Once back in Britain, she started packing for another trip to China, one where she might visit the hospitals she founded in the names of her late husband and sister. That trip never happened, however. Shortly after her return, a fibrous tumor was found in her chest. Her health waxed and waned for a year or two but she never fully recovered. Isabella Bird died in 1904 at the age of 72. Any person who knew her as a child would have been amazed she lived to be 18, much less into her 70s. Simply surviving was a miracle. Thriving should have been impossible.
To be continued…
It was in the Austin American-Statesman for a piece that never did make the transition from print to something electronic. Is it somewhere in the newspaper’s print morgue? Probably—but it is definitely not worth the effort to find it.
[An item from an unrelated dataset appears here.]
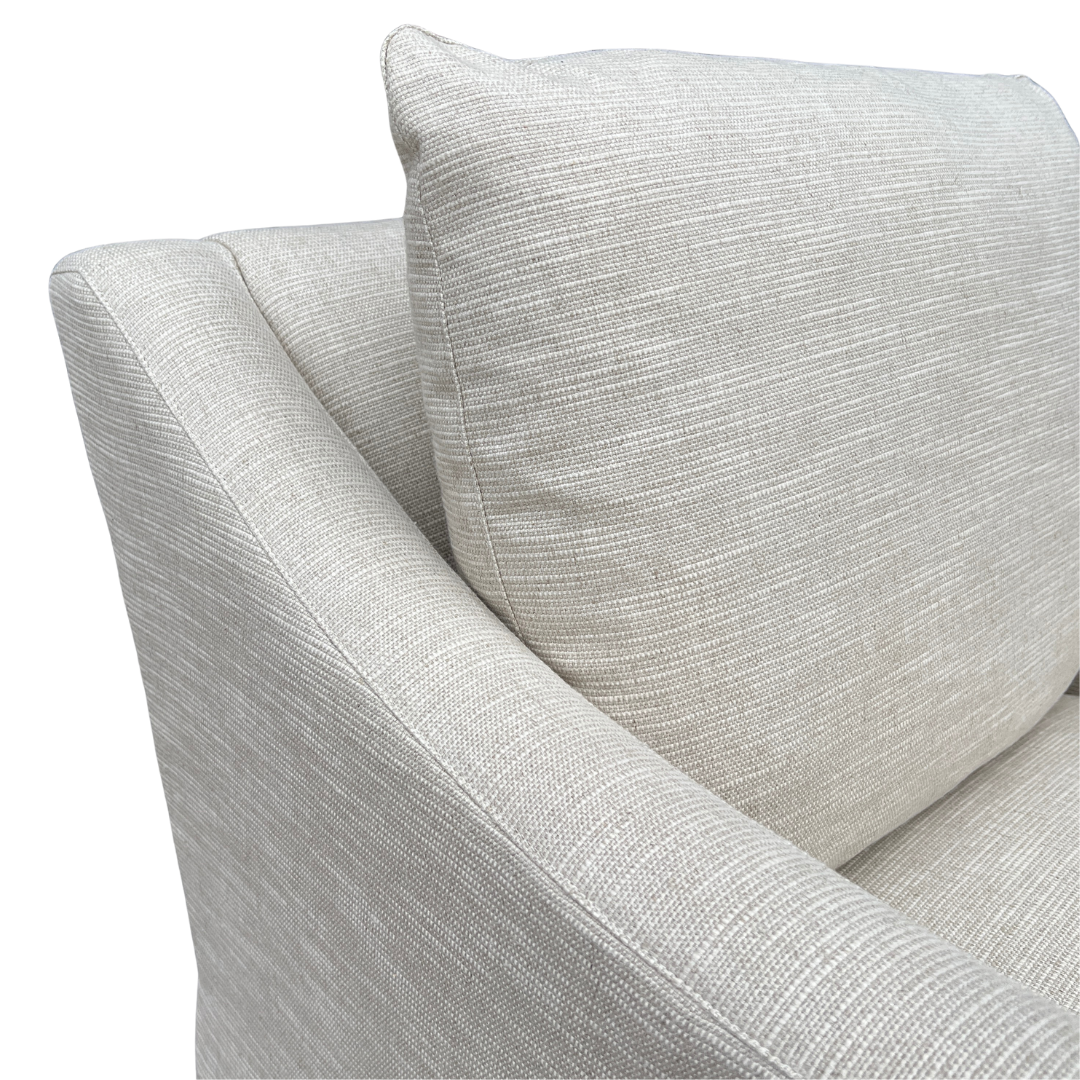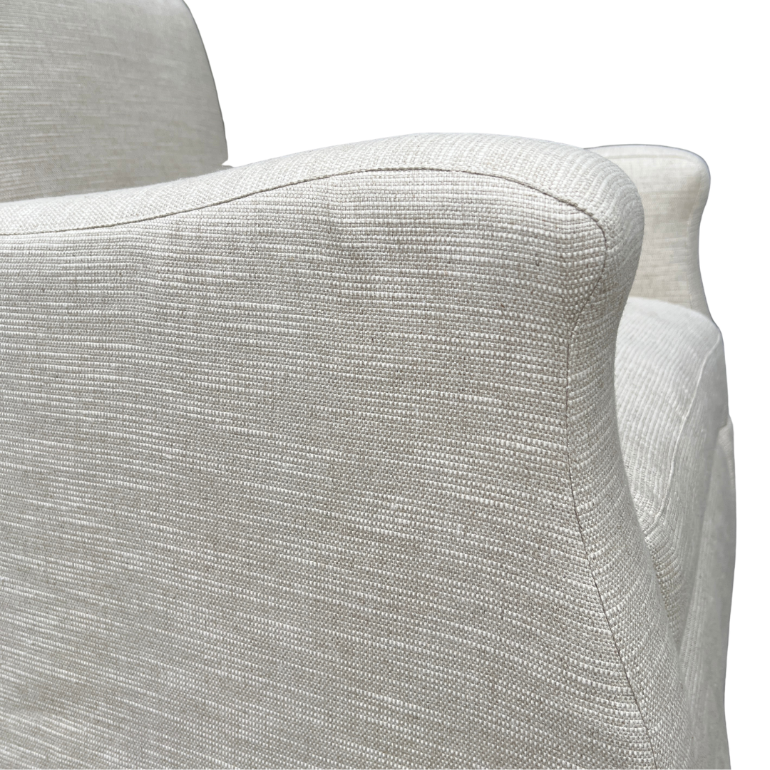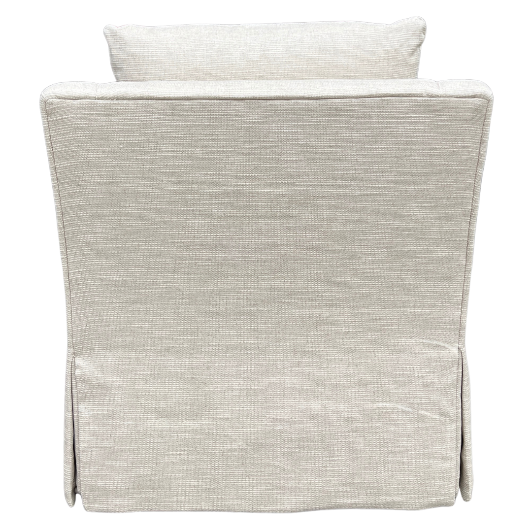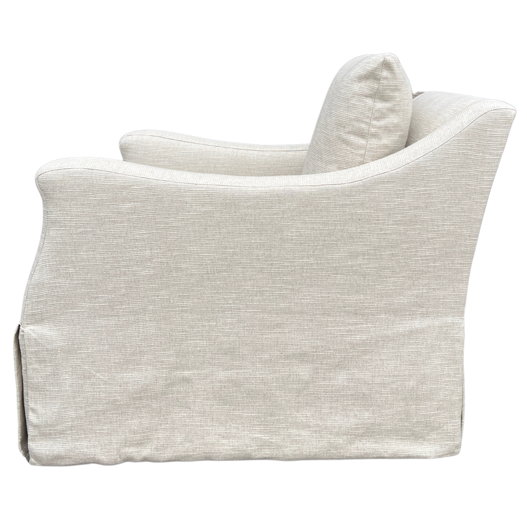The gently curved arms, plush loose back cushion, and dressmaker skirt make this tailored swivel chair wonderfully stylish from every angle. Perfect for living rooms, bedrooms or reading nooks, this classic style from Lee Industries delivers comfort, versatility and timeless style in one effortless piece. Upholstered in a soft, tonal stripe.

Fun fact: I’ve been at this long enough that I occasionally stumble across stories/reviews/posts I have zero memory of having written and/or having seen the show/movie/book that they reference.
I’ve never even flirted with the New York Times bestseller list, much less had a chance to get to first base with it.
allegedly
HIGHLY UNLIKELY BECAUSE THE STRUCTURE WILL BE VIBE-BASED
Bird was about to be one of the first women admitted into the Royal Geographic Society. People (mostly men-type people) had feelings.
women mostly rode side-saddle in this period. Bird had a special riding costume made so that she could ride astride and remain modest.
Hold onto this sentence. It animates Bird’s entire public life.